“It is her fault,” replied the other; “why choose such a man? He has known only public women; she is paying the price of her folly.”
I advanced in the darkness to see who was speaking thus, and to hear more if possible; but they passed on as soon as they spied me.
I found Brigitte much disturbed; her aunt was seriously ill; she had time for only a few words with me. I did not see her for an entire week; I knew that she had summoned a physician from Paris; finally she sent for me.
“My aunt is dead,” she said; “I lose the only one left me on earth, I am now alone in the world, and I am going to leave the country.”
“Am I, then, nothing to you?”
“Yes, my friend; you know that I love you, and I often believe that you love me. But how can I count on you? I am your mistress, alas! but you are not my lover. It is for you that Shakespeare has written these sad words: ‘Make thy doublet of changeable taffeta, for thy mind is a very opal.’ And I, Octave,” she added, pointing to her mourning costume, “I am reduced to a single color, and I shall not change it for a long time.”
“Leave the country if you choose; I will either kill myself or I will follow you. Ah! Brigitte,” I continued, throwing myself on my knees before her, “you thought you were alone when your aunt died! That is the most cruel punishment you could inflict on me; never have I so keenly felt the misery of my love for you. You must retract those terrible words; I deserve them, but they will kill me. Oh, God! can it be true that I count for nothing in your life, or that I am an influence in your life only because of the evil I have done you!”
“I do not know,” she said, “who is busying himself in our affairs; certain insinuations, mixed with idle gossip, have been set afloat in the village and in the neighboring country. Some say that I have been ruined; others accuse me of imprudence and folly; others represent you as a cruel and dangerous man. Some one has spied into our most secret thoughts; things that I thought no one else knew, events in your life and sad scenes to which they have led, are known to others; my poor aunt spoke to me about it not long ago, and she knew it some time before speaking to me.
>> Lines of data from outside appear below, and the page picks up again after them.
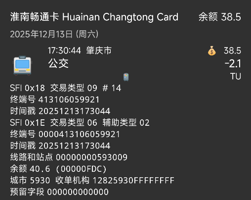 | Description | 如题,在淮南公交24路的老卡机刷卡,读取为肇庆公交,有无办法在设备端更改记录的数据 | ||||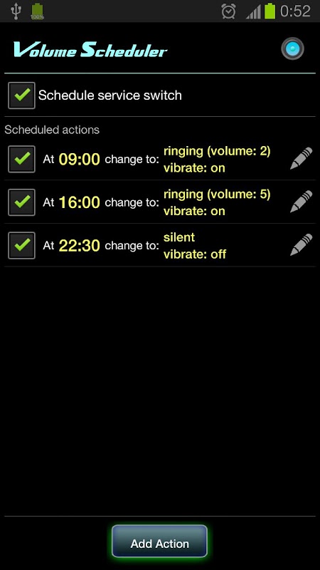 Volume di pianificazione è un facile da usare l'applicazione che cambia automaticamente lo stato squillare del telefono senza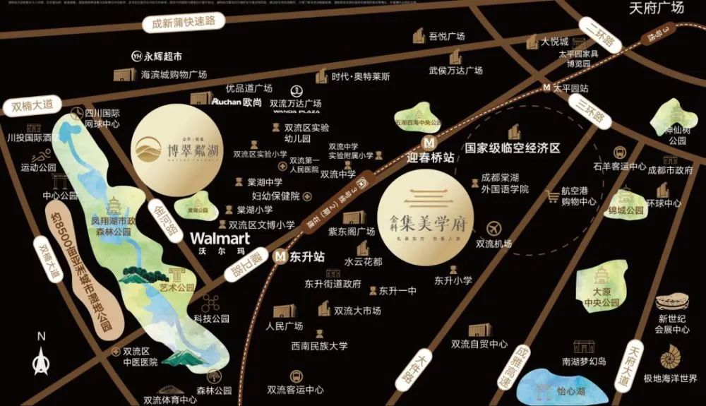 比如在地理位置上,博翠粼湖正對着8500畝城市濕地公園,毗鄰鳳翔湖,推窗便是園景湖景。交通層面,“三橫三縱一地鐵”,半小時基本能無縫對接成都核心區域。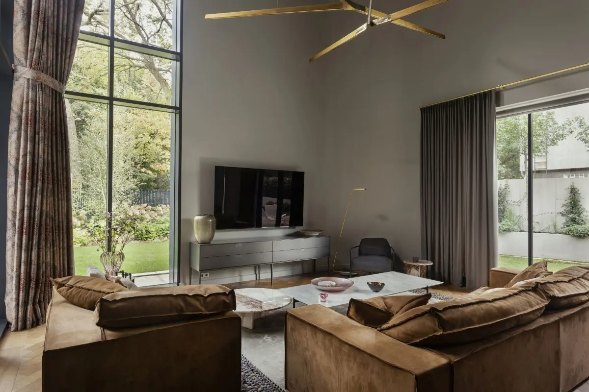 Salon, który natychmiast przyciąga uwagę swą podwójną wysokością, został urządzony meblami renomowanych marek. Centralnym punktem przestrzeni jest sofa zaprojektowana przez Paolę Navone, która doskonale komponuje się z otoczeniem, zapewniając jednocześnie niebywały komfort domownikom. Wyjątkowym akcentem w salonie jest lampa marki Henge, stworzona przez Massimo Castagnę we współpracy ze studiem Tabu Pushelberg i Fausto Salvi.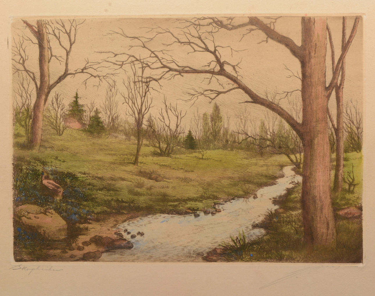 JEAN SKOGLUND. Forest Brook. Color etching.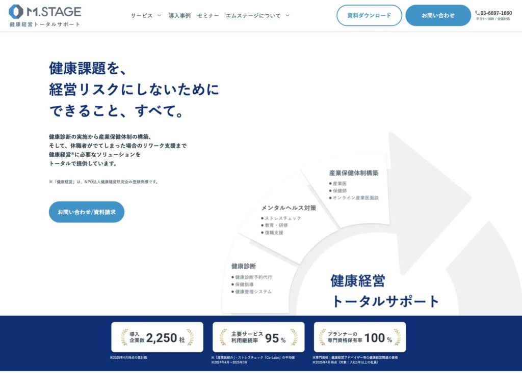 また、契約企業には産業保健師による無料サポートが付帯しており、健康診断結果の集計や分析方法など、実務的なアドバイスを受けることが可能です。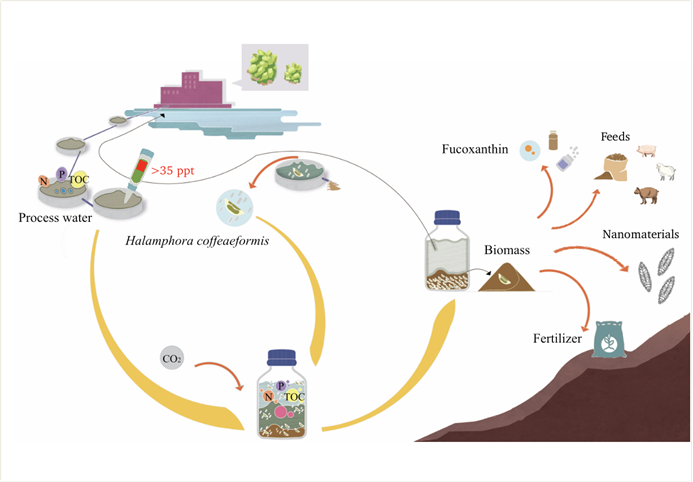 由于榨菜加工廢水具有高鹽度(大于3.5%)、低pH和豐富的營(yíng)養(yǎng)鹽等特點(diǎn),因此榨菜加工廢水的有效處理目前面臨處理成本高、能耗大且處理過程中需要使用大量的化學(xué)試劑等困難,處理不當(dāng)還會(huì)造成嚴(yán)重的環(huán)境危害。胡章立教授團(tuán)隊(duì)利用在污水中分離的一株硅藻—海生雙眉藻(Halamphora coffeaeformis)和其共生細(xì)菌構(gòu)建的微生物群落,成功實(shí)現(xiàn)了對(duì)高鹽度和富營(yíng)養(yǎng)化榨菜生產(chǎn)加工廢水的“一步”處理。處理效果具體表現(xiàn)在該生物群落對(duì)無機(jī)和有機(jī)營(yíng)養(yǎng)鹽的高回收效率:微生物群落成功地從廢水培養(yǎng)基中回收了91%的NH4+-N、78%的總氮、95%的總磷和82%的總有機(jī)碳。經(jīng)過處理14天,除草酸外,所有鑒定的有機(jī)酸和氨基酸均被完全去除。廢水中微生物群落生物量濃度達(dá)到1.74 g L-1,顯著高于對(duì)照組(10倍f 2-1培養(yǎng)基)。由于收獲的生物量中含有高價(jià)值的巖藻黃素(3 mg g-1),同時(shí)回收了大量磷元素,因此收獲的生物量既可以用來生產(chǎn)高價(jià)值的生物活性物質(zhì)還可以作為肥料或飼料進(jìn)行增值化應(yīng)用。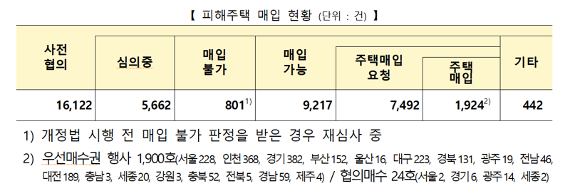 국토부에 따르면 전세사기 피해자들로부터 접수된 매입 사전협의 요청은 지난달 26일 기준 1만6122건에 달한다. 이 중 현장조사와 심의를 거쳐 9217건이 매입 가능 판정을 받았고, 지금까지 협의·경매 등을 통해 실제 매입이 완료된 주택은 총 1924가구다.
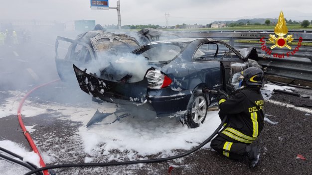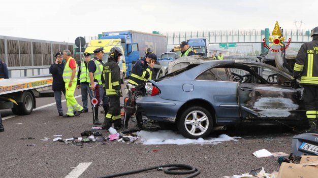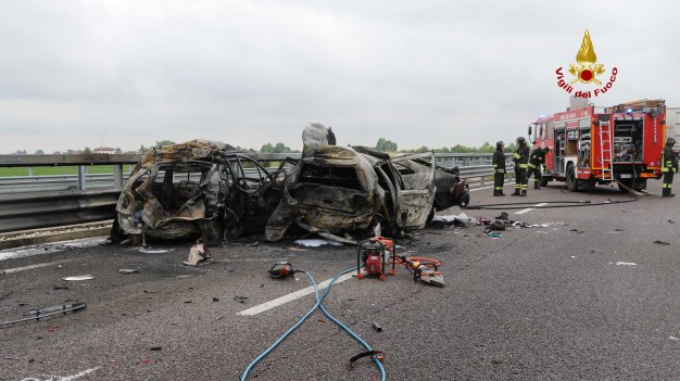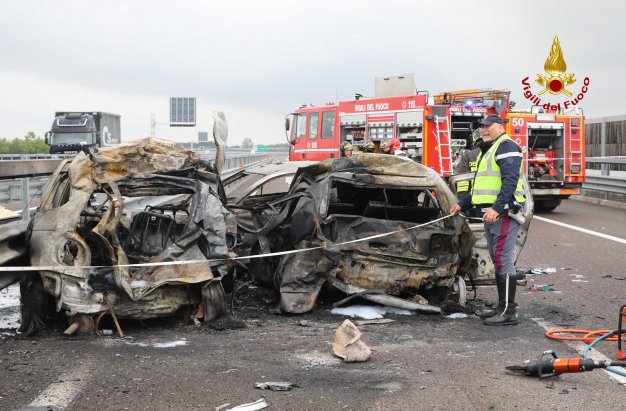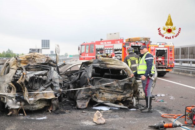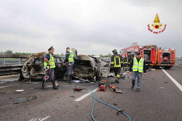 Aggiornamento. Due delle vittime carbonizzate sono di Noventa Vicentina. Si tratta di una ragazza di 17 anni, A.R. studentessa del Liceo di Noventa, che si trovava con il padre (L.R.) che la stava accompagnando a Vicenza. Ancora sconosciuta l’identità delle altre due vittime, una delle quali potrebbe essere di nazionalità marocchina.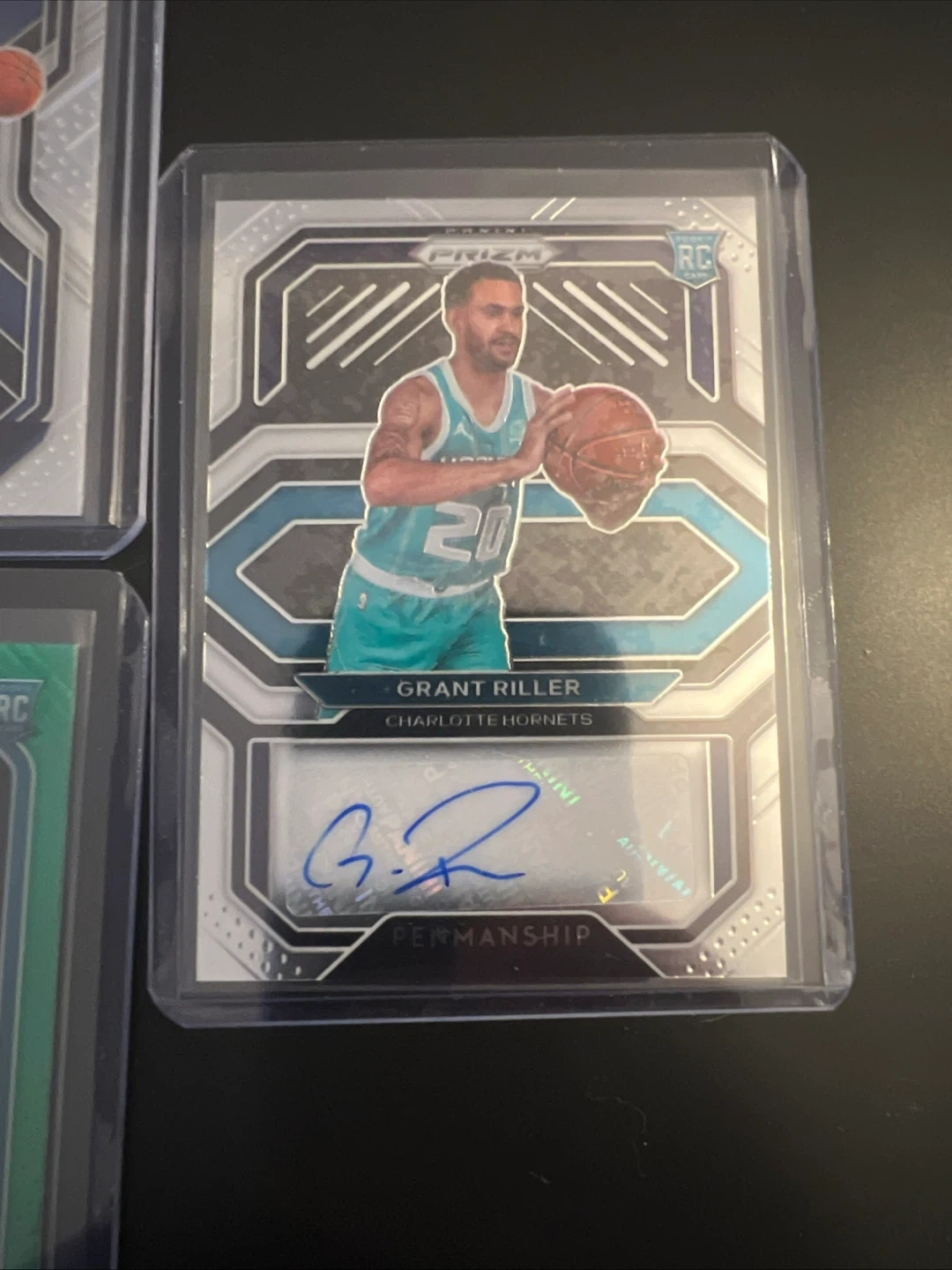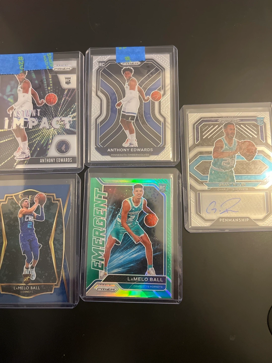 Collection of Panini Prizm NBA trading cards featuring rookie players. Includes Grant Riller with autograph, Anthony Edwards, and LaMelo Ball. Great for basketball card collectors!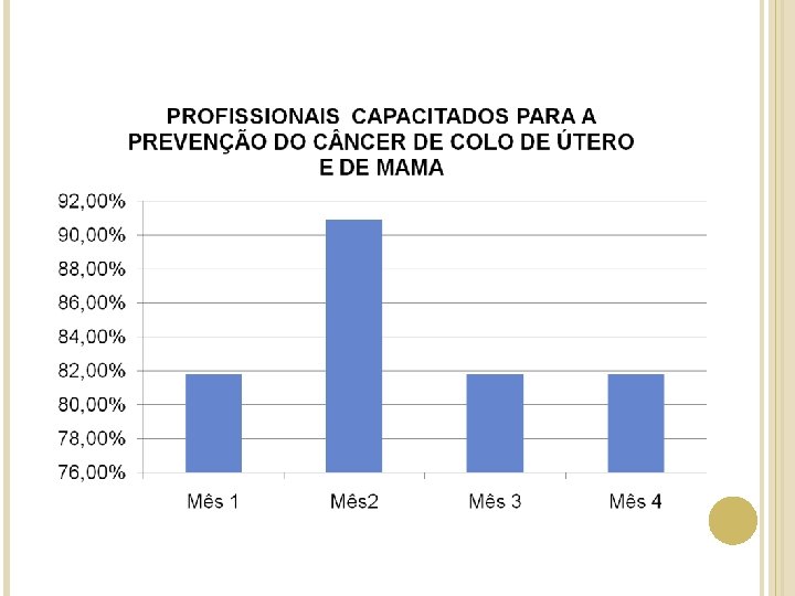 Meta: Capacitar 100% dos profissionais para a prevenção do câncer de colo de útero e de mama de acordo com os protocolos adotados pela UBS. Indicador: Número de profissionais da UBS que participaram da reunião / Número de profissionais que fazem parte da equipe da UBS.
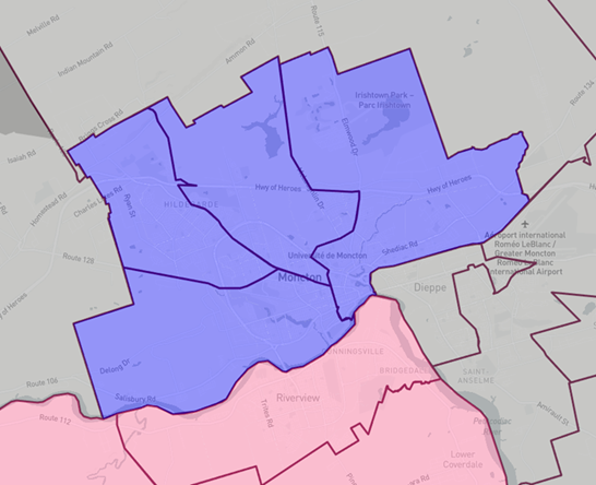 - Consisting of the entirety of the city of Moncton in Westmoreland County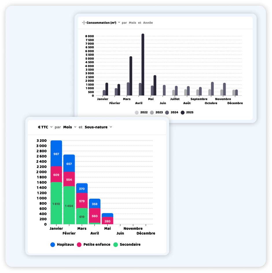 Ainsi, vous pouvez facilement identifier les périodes de consommation élevée, comparer les usages entre différents espaces ou locataires, et détecter des anomalies telles que des fuites.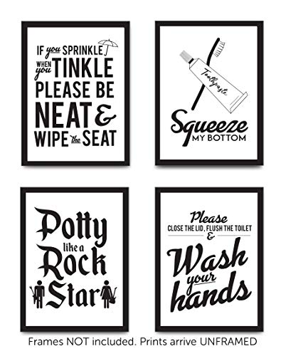 - ✔ MINIMALISTIC YET HILARIOUS ART PRINTS - These bathroom wall designs are set against a bright white background with black text for a sharper contrast. The typography is easy on the eye and is as playful as the words itself. Use them all in the same restroom or distribute them in separate ones and spread the fun!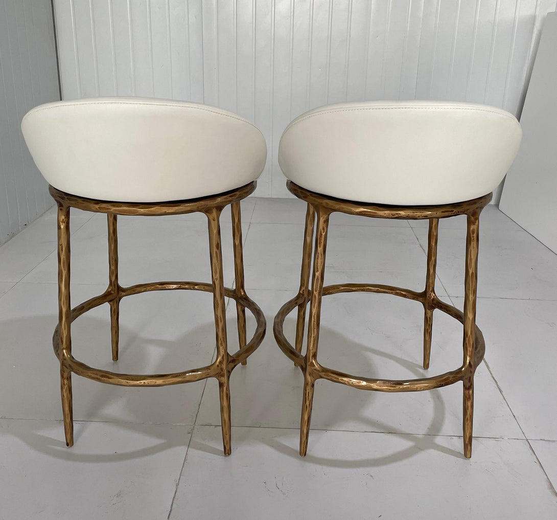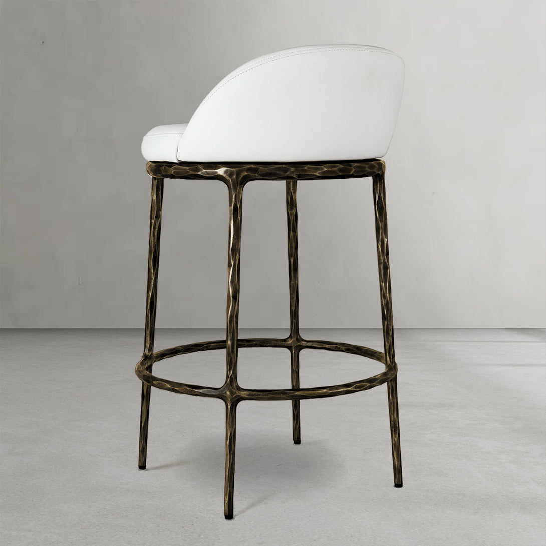 Our stool from Alexander merges the rustic sensibility of a hand-forged metal base with tailored upholstery. Employing an ancient fabrication process, artisans hand hammer the metal bars to reveal an alive, imperfect and organic texture, a counterpoint to the frame's slender, tapered silhouette.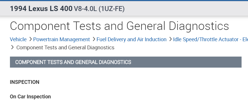In the diagrams down below I have included the general on vehicle inspection guide for your vehicle's IAC from the vehicle manufacturer. Please go through this guide, see if the IAC is working properly, and if not, please get back to us with what it is specifically doing. We can go from there.
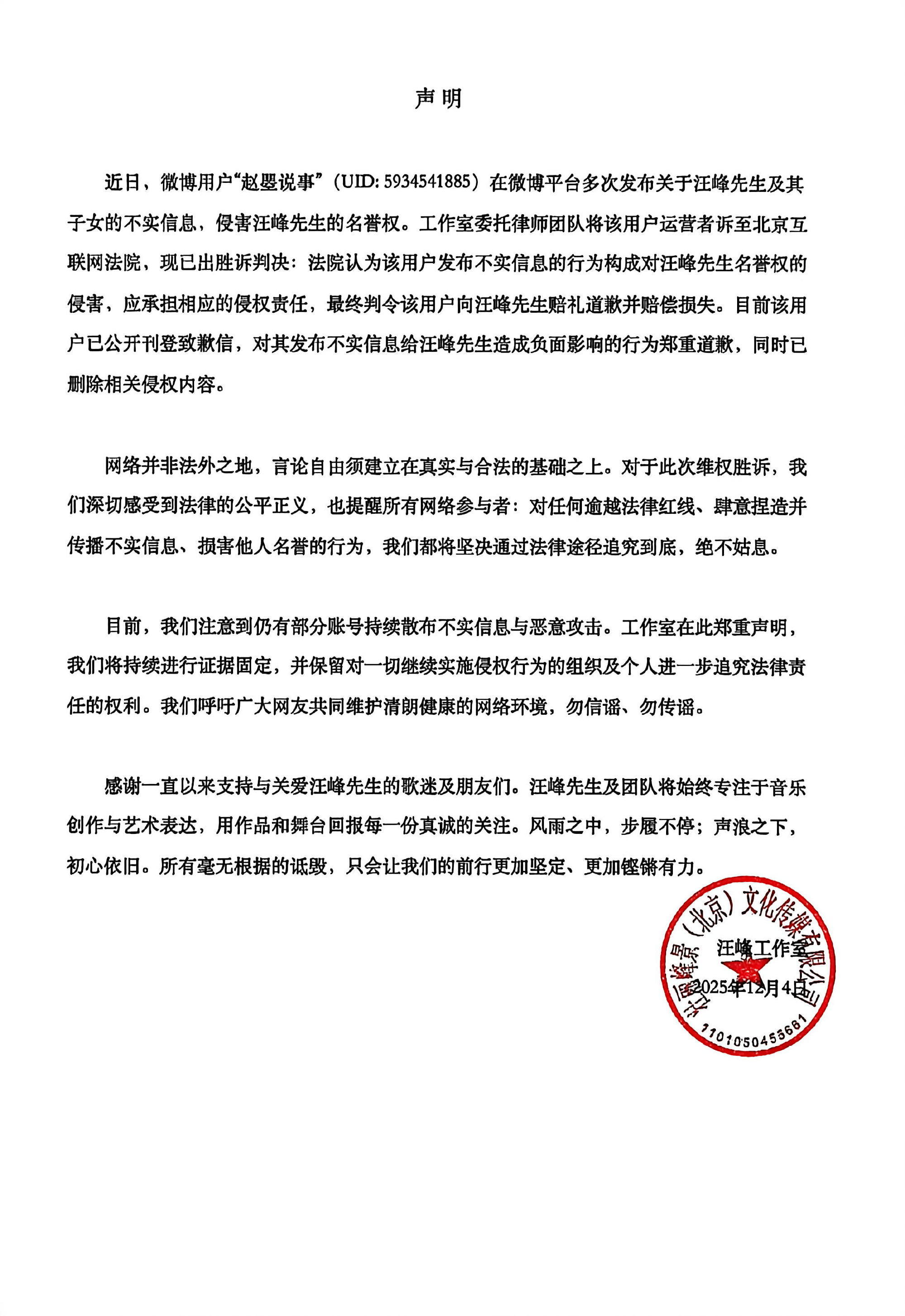 汪峰起诉赵瞾说事胜诉 汪峰工作室起诉赵瞾说事胜诉。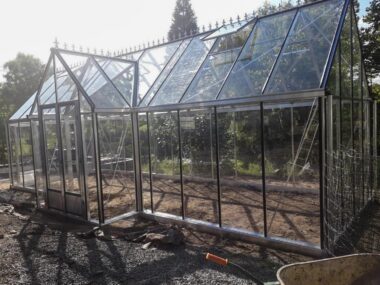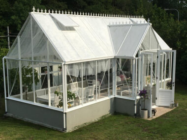 Voit valita kasvihuoneen katteeksi joko polykarbonaatin tai lasin. Vakiona on vahva 8 mm:n polykarbonaatti, mutta voit valita, että katto on vahvaa 8 mm:n polykarbonaattia ja seinät 4 mm:n karkaistua lasia. Polykarbonaatin No-Drop-pinnoite estää kondensaation ja parantaa läpinäkyvyyttä. Katon polykarbonaatti suojaa paahtavalta kesäauringolta ja takaa tasaisemman valon ja lämpötilan sisällä.

Who knows but that that has hastened her death?
“When I meet my old friends in the street, they either treat me coldly, or turn aside. Even my dear peasant girls, those good girls who love me so much, shrug their shoulders when they see my place empty at the Sunday afternoon balls. How has that come about? I do not know, nor do you, I suppose; but I must go away, I can not endure it. And my aunt’s death, so sudden, so unexpected, above all, this solitude! this empty room! Courage fails me; my friend, my friend, do not abandon me!”
She wept; in an adjoining room I saw her household goods in disorder, a trunk on the floor, everything indicating preparations for departure. It was evident that, at the time of her aunt’s death, Brigitte had tried to go away without seeing me, but could not. She was so overwhelmed with emotion that she could hardly speak; her condition was pitiful, and it was I who had brought her to it. Not only was she unhappy, but she was insulted in public, and the man who ought to be her support and her consolation in such an hour was the cause of all her troubles.